- Born: 12 January 1789 Angern an der March, Holy Roman Empire
- Died: 10 June 1832 (aged 43) Vienna, Austria
- Other name: Andreas Oberleitner
- Occupations: Orientalist; Benedictine theologian; Archivist;

= Franz Xaver Oberleitner =

Austrian theologian and orientalist

Franz Xaver Oberleitner (12 January 1789 – 10 June 1832) was an Austrian theologian and orientalist. Oberleitner served as the Dean of The University of Vienna's Faculty of Catholic Theology for a period of three separate years, as the Director of Theology and as the University Archivist.

His text books on his specialist languages were considerable achievements which remained valued tools for scholars long after his death on account of their practical structures.

==Confusion over his names==
Franz Xaver Oberleitner is identified in some sources as "Andreas Oberleitner". This is the name given in Volume 24 of the Allgemeine Deutsche Biographie (ADB) (1886), a work of reference on which much subsequent reliance is placed. The ADB entry names Andreas Leitner and then provides two paragraphs on his career and published output as an orientalist.

Sources closer in time and place to Oberleitner himself, including Volume 20 of the Biographisches Lexikon des Kaiserthums Oesterreich (1869) state that there were two brothers involved. Andreas Oberleitner was born in 1786, and as a young man acquired a certain notability in Vienna as a musician (instrumentalist), although by the 1860s it was not known whether or not he was still alive. Oberleitner was born in 1789. He was the theologian / orientalist according to these sources. It appears that conflation of the two brothers' names had not started in 1832, which is when Oberleitner died. (Note: German language Wikipedia has picked up on this, identifying Andreas Oberleitner in its opening line as ".... eigentlich Franz Xaver Oberleitner" (actually Franz Xaver Oberleitner), respecting the conflicting sources.)

==Life==
Oberleitner was born at the house of the local landowner at Angern an der March, a small town a short distance to the north of Vienna. His father, Andreas Oberleitner had an administrative position locally, working for the Kinsky family. It is known that there were numerous Oberleitner siblings. Oberleitner attended school in nearby Gaunersdorf (since 1917 known as Gaweinstal) where he was taught to sing and to play the violin. His musical talent led to his acceptance, at the age of 10, into the Vienna Boys' Choir. This involved relocation to Vienna where he attended the St Anna Gymnasium (secondary school). In 1807 he entered the Schottenstift, a Benedictine monastery in the city. Between 1808 and 1812 he studied Theology at the University of Vienna: on 30 August 1812 he was consecrated as a priest.

==Published output==
The following is an incomplete list of Oberleitner's publications:

- Joannis Jahn Elementa aramaicae seu chaldaeo-syriacae linguae, latine reddita, et nonnullis accessionibus aucta. Vienna 1820.
- Fundamenta linguae arabicae. Vienna 1822.
- Chrestomathia arabica una cum glossario arabico-latino. 2 volumes, Vienna 1823–1824.
- Chrestomathia syriaca una cum glossario syriaco-latino. 2 volumes, Vienna 1826–1827.

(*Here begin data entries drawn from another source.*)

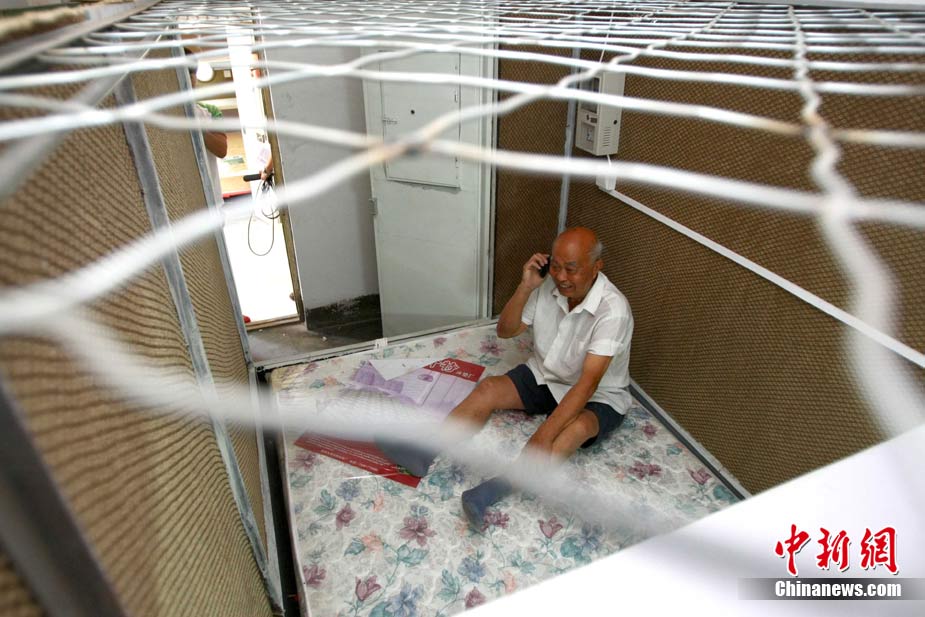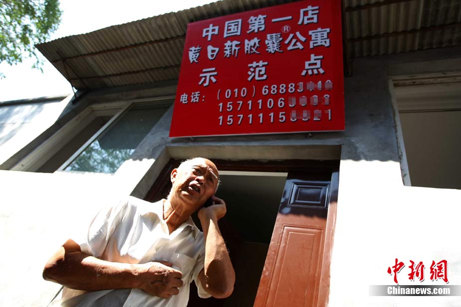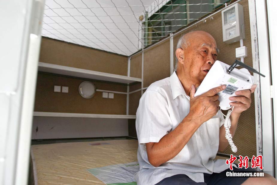 8月16日,在北京石景山区麻峪东街,78岁老人黄日新所建的第三代胶囊公寓开张。第三代胶囊公寓设有单人间和夫妻间(图),大小为长2.4米、宽1.2米(夫妻房宽1.6米)、高2米。每个胶囊房间采用席梦思床垫,在电脑桌上方安置床头柜,安装独立电表,并增设厨房和厕所。中新社发 富田 摄
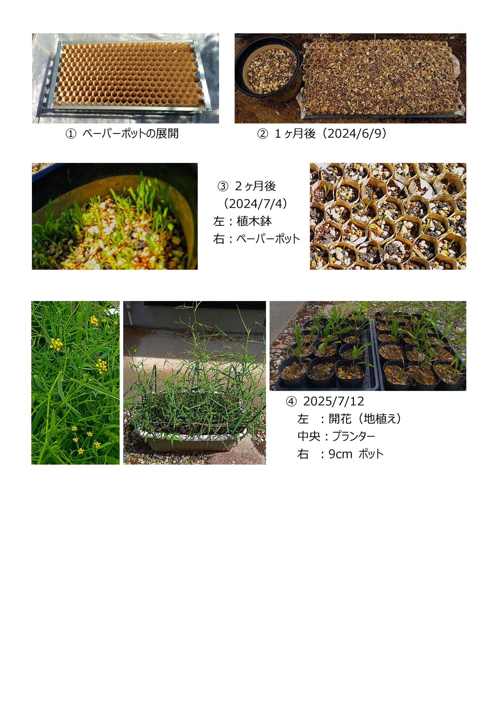 次に2024/5/12に植木鉢にたっぷりのタネを播種したものと並べ、再度、ペーパーポットに播種しました。1ヶ月後、植木鉢では発芽が見られましたが、ペーパーポットでの発芽は見られませんでした(写真 A)。更に1ヶ月経過した7月初旬まで待つことにより、ペーパーポットにおいても発芽が観察されました(写真 B)。
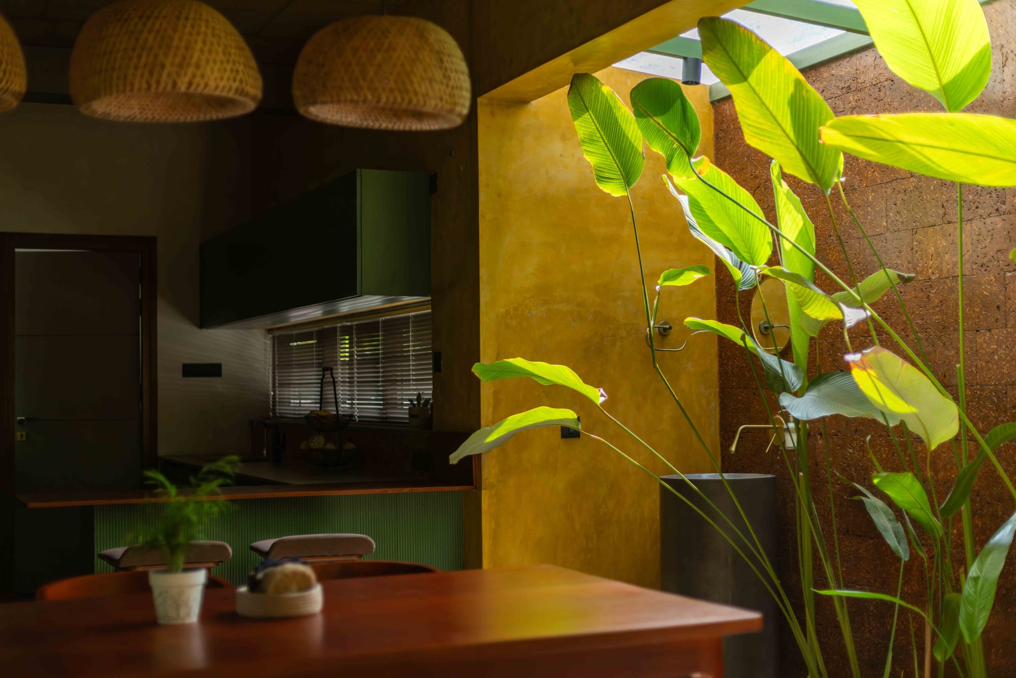 Diffuse daylight enters through large openings fitted with sheer Roman blinds, offering privacy while allowing a gentle glow that animates the interiors throughout the day.
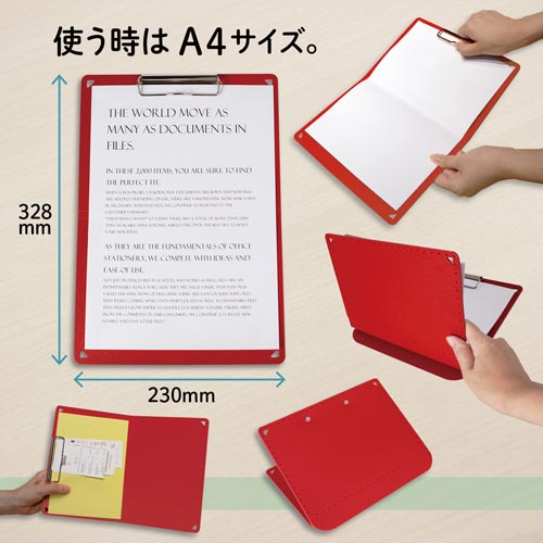 半分に折りたためるクリップボード。使うときはA4、折りたたむとA5になって持ち運びしやすいクリップボード。折り目部分もフラットになって書きやすい。
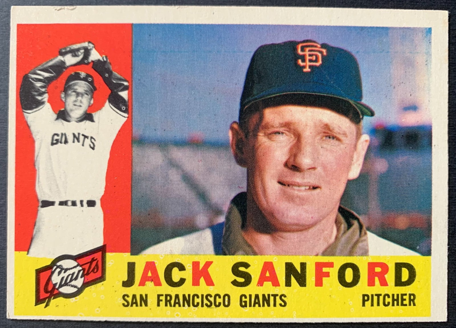 • 1960 Topps #165 Jack Sanford San Francisco Giants Baseball Card MLB Pitcher
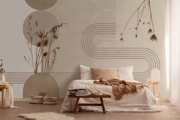 Zidne murale elegantna geometrija i suho cvijeće u bež tonovima br. w03449
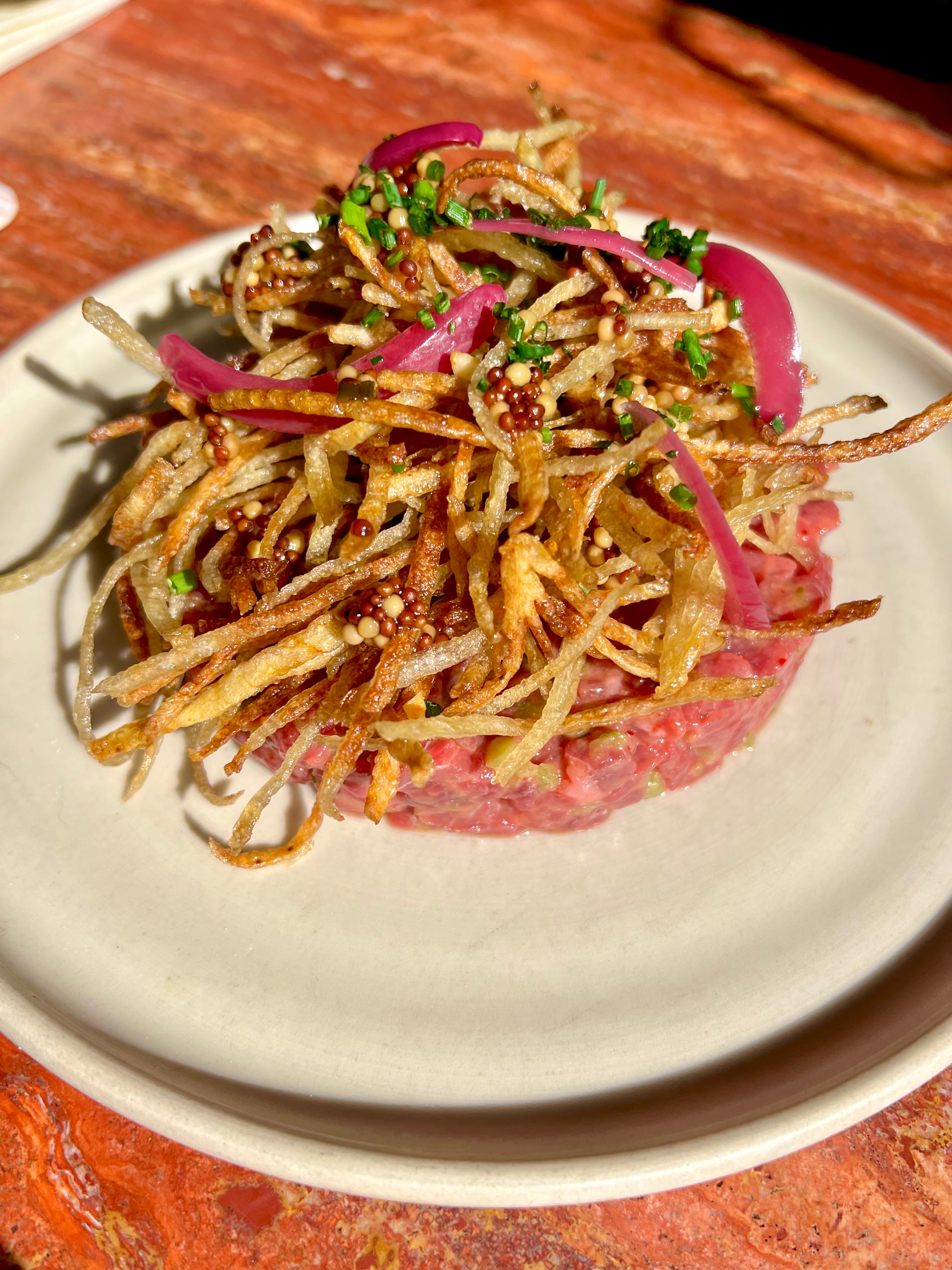 Le Tartare de Bœuf : ce tartare de bœuf de race Charolaise coupé au couteau, se fait « new style » et se pickles de câpres et d’oignons rouges, mais surtout de la jubilatoire claquance des graines de moutarde. Les frites allumettes, loin d’être ordinaires (ce serait trop simple de la part de Bastien), apportent une vraie dimension supplémentaire. Travaillées en saumure pour allier souplesse et croustillant, puis déposées sur le tartare, elles diffusent une chaleur subtile qui arrondit les saveurs et fait littéralement craquer de joie à chaque bouchée.

It was also in 1812 that he became "Student overseer" ("Studienpräfekt ") at the monastery. From 1813 till 1816 he took on the teaching of "Humanities" at the Schottenstift. At the same time he was attending classes provided by a Maronite priest called Anton Aryda at the university on Arabic, Syriac and Aramaic languages. Aryda returned to Syria in 1816 and Oberleitner was appointed to replace him as university professor for Oriental Languages and Biblical criticism. In 1817 he received his Doctorate in Theology. It was as an orientalist, however, that he rapidly acquired an outstanding reputation, enhanced by a succession of publications on the Arabic and Syriac grammar and languages.

In 1818/1819, 1819/1820 and again in 1825/1826 Oberleitner was Dean of the University of Vienna's Faculty of Catholic Theology. From 1823 he also served as University Archivist. In 1832, he was appointed university Director of Theology. 1832 was also the year in which, unexpectedly, he died aged 43.